Question

A piston-cylinder assembly contains air, initially at 2 bar, 300 K, and a volume of 2 m^3. The air undergoes a process to a state where the pressure is 1 bar, during which the pressure-volume relationship is pV = constant. Assuming ideal gas behavior for the air, determine the mass of the air, in kg, and the work and heat transfer, each in kJ.

Answer 1

The mass of the air is 4.645 kg.

The work done or heat transfer is 277.25 kj.

Step-by-step explanation:

In isothermal process PV=constant. Take air as an ideal gas.

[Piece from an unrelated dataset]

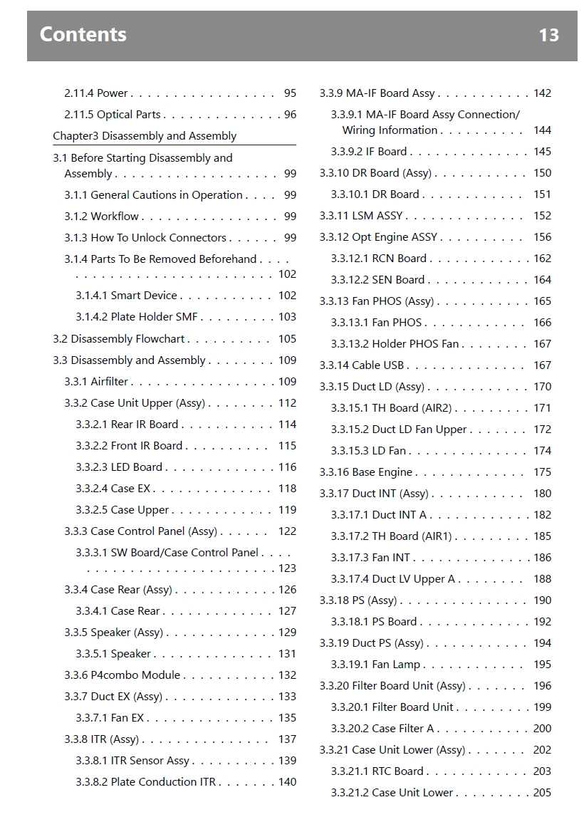 - product maintenance, operating principles, troubleshooting, disassembly and assembly, error codes, connector summary.

For air gas constant is 287 j/kgK.

Given:

Initial pressure of the gas is 2 bar.

Initial volume of the gas is 2 m³.

Initial temperature is 300 K.

Final pressure is 1 bar.

Calculation:

Step1

Apply ideal gas equation for air as follows:

PV=mRT

`2*10^(5)*2=m* 287*300`

m = 4.645 kg.

Thus, the mass of the air is 4.645 kg.

Step2

For isothermal process work done is same as heat transfer.

Work done or the heat transfer is calculated as follows:

`W=P_(i)V_(i)ln(P_(i))/(P_(f))`

`W=2*10^(5)*2* ln(2)/(1)`

`W=2.7725*10^(5)` j

Or,

W=277.25 kj.

Thus, the work done or heat transfer is 277.25 kj.